Geosynthetics have been widely used since 1970 in unpaved roads. Various research studies showed the benefits of the reinforcement in facilitating the fill material compaction, improving the platform bearing capacity, which will allow the reduction of the fill material thickness, and the increase of the structure serviceability term. Different mechanisms take place between the aggregates platform and the reinforcement. Which affect the structural behavior: the aggregates platform confinement, the separation between the weak subgrade and the fill material, the membrane effect. The road structure becomes even more heterogeneous and the mechanisms more complex with the addition of the reinforcement layer and the underlying mechanics are still not completely understood. Therefore, it is important to provide more knowledge regarding these mechanisms, in order to propose an efficient design method for such structure.

A full-scale laboratory test on unpaved roads has been designed and developed to characterize the effect of the reinforcement in this application. The platform tested is placed in a large box of 5 m in length, 1.9 m in width and 1.4 m in height. The tested platform is composed of 0.6 m of weak subgrade supporting 0.22 m of well-compacted fill material.
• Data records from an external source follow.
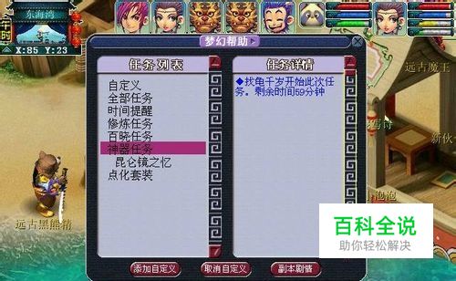 神器任务需要飞升级,在每周一至每周五的14:00-22:00期间前往天宫杨戬处领取任务.领取,领取时会消耗50点善恶点。同时任务中的每个环节有60分钟时间限制,每天的24:00会清空当日任务,另需五人组队领取,且每一个环节必须有3个领取任务的玩家参与才能通过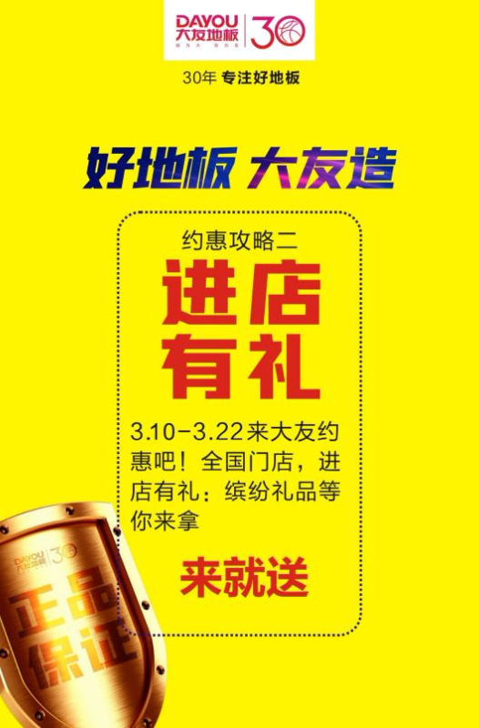 我们始终捍卫地板品质,这个春天,与大友来一场品质约“惠”吧!
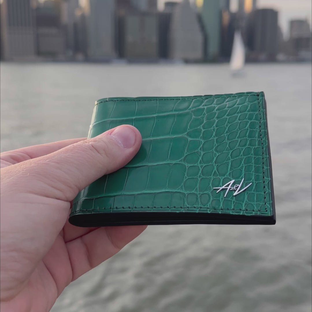 •Leather - 100% Alligator (These alligator skin are farmed for the meat. The skin is a byproduct).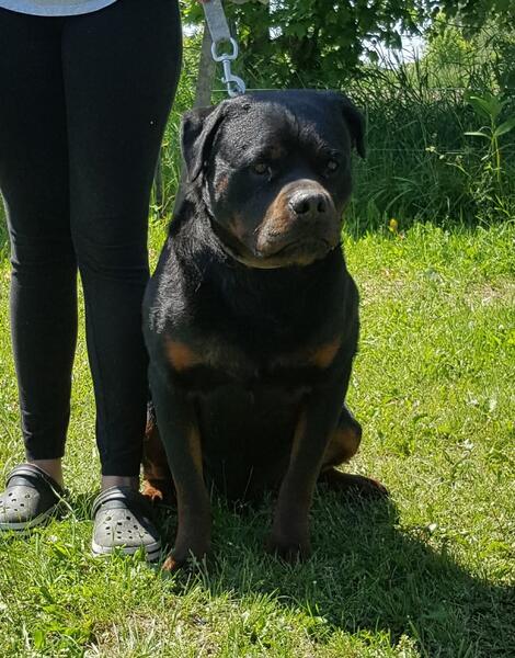 message wildstreak about this ad Im going to offer my AKC Rottweiler up for $tud for a limited time. Hes getting up there in age so this will probably be your only chance. Ca$h or possible puppy(s) back. Last time he was at the vet he was 143lbs. Pretty much pure German bloodline. He was purchased down south from K-9 Guardians kennel, so other than the one litter Ive had from him and 1 outside breeding, he shouldnt be related to anything around here. |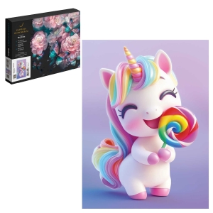 Картина по номерам 15х20 см Единорог с леденцом на подрамнике
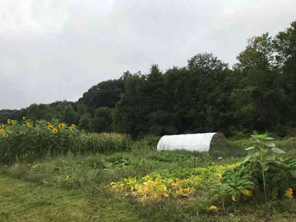 Here is our garden in all its splendor as the children viewed it when they came to visit during the first weeks of school. The rainy summer brought plenty of weeds. We had to make do with less help maintaining it than we’ve had in the past, but you can see a number of enduring crops decorating the landscape. In the foreground are kale and cucumbers. In the back you can see our popcorn and the sunflower house.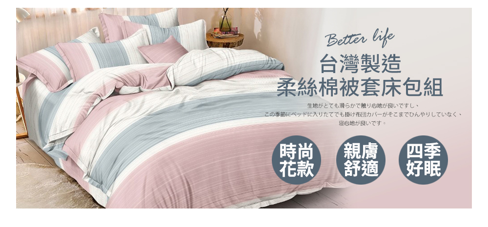 產品名稱: 台灣製造柔絲棉床包被套組
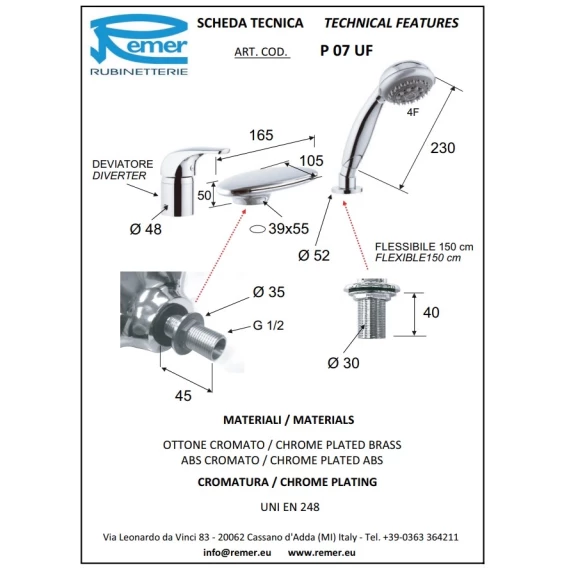 Крепление, Гибкая подводка, Душевой шланг, Душевая лейка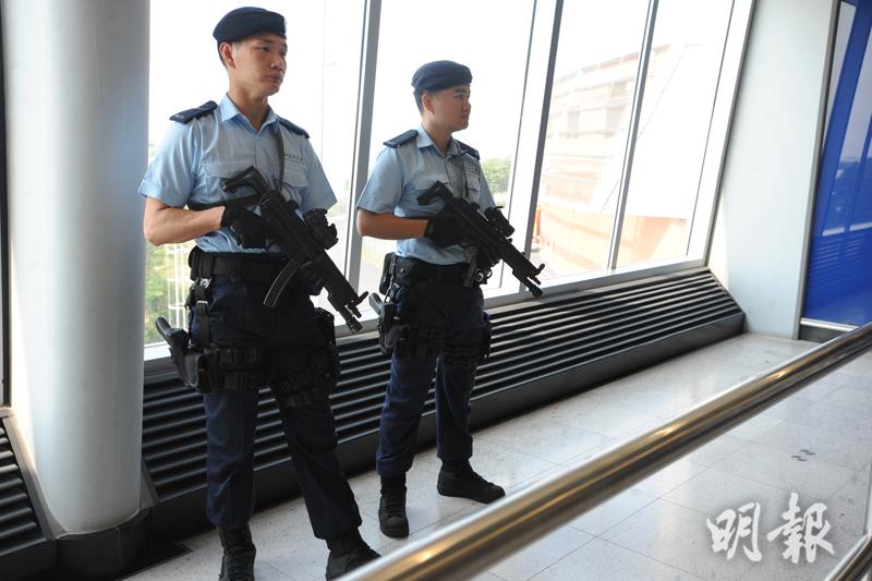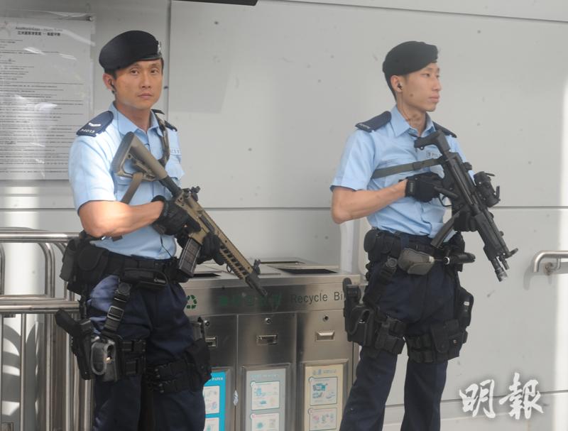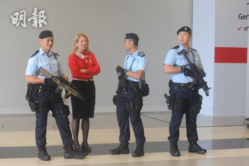 印尼總統佐科維多多今日率領代表團訪問香港2天,警方評估國際恐怖襲擊形勢後,安排屬歷來較高級別的反恐措施,首次派出反恐特勤隊,手持新配置的SIG 516 CQB半自動步槍在亞洲博覽館巡邏,並出動多個部門合共近千警力佈防。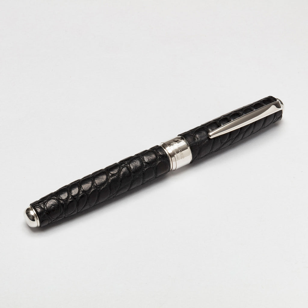 This Fountain Pen is hand-crafted and coated with genuine alligator leather by Italian artisans. The writing section made of Solid Sterling Silver is engraved with geometric design and hallmarked 925.
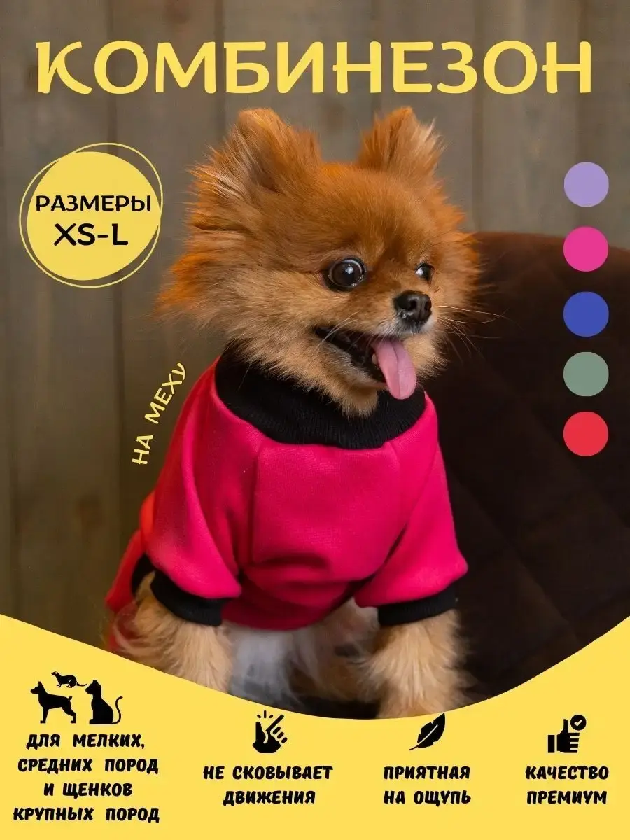 Плюшевый комбинезон для собак из ткани c начесом - трикотаж на меху с начесом, манжеты из кашкорсе. Вещи для животных на любое время года - лето/ летний, весна, осень, зима/зимний. Одежда для собак мелких пород, средних, щенков крупных пород, товары для кошек, котов, для грызунов хорьков. Костюм не стесняет и не сковывает движения при ходьбе, играх, беге. Комбез унисекс надевается через голову и отлично сидит на зверюшки. Наряд отшивается вручную на собственном производстве и проходит контроль качества на каждом этапе. Модели разработаны экспериментальным путем и опробованы на своих питомцах. Ваш питомец будет стилен, моден и не останется без внимания. Породы - йоркширский терьер/ йорк, той терьер, шпиц, французский бульдог, корги, такса, чихуахуа, сфинкс.

A special attention has been given to the soil layers preparation, installation and quality control. The tested structure was subjected to a cyclic load to simulate traffic using a large-scale apparatus SAT (Simulator Accelerator of Traffic). This apparatus was developed and adapted for this flexible structure. Indeed, it allows the application of a heavy traffic load on the unpaved road surface even for large surface displacement. During each test, the rut development, the vertical stress distribution and the settlement in the subgrade soil are monitored. Moreover, the optical fiber technology is used to measure the strain developed in the reinforcement layer.

An unreinforced platform has been first tested serving as a reference, and different geosynthetic reinforcement types were tested. The results are presented in terms of vertical stress distribution on the subgrade surface, and vertical stress and ruts evolution with cycles. The results were used to compare the benefit of the different geosynthetic types and discuss the dominant developed mechanism. Moreover, a numerical simulation has been developed and calibrated based on the results of these experiments using FLAC3D®.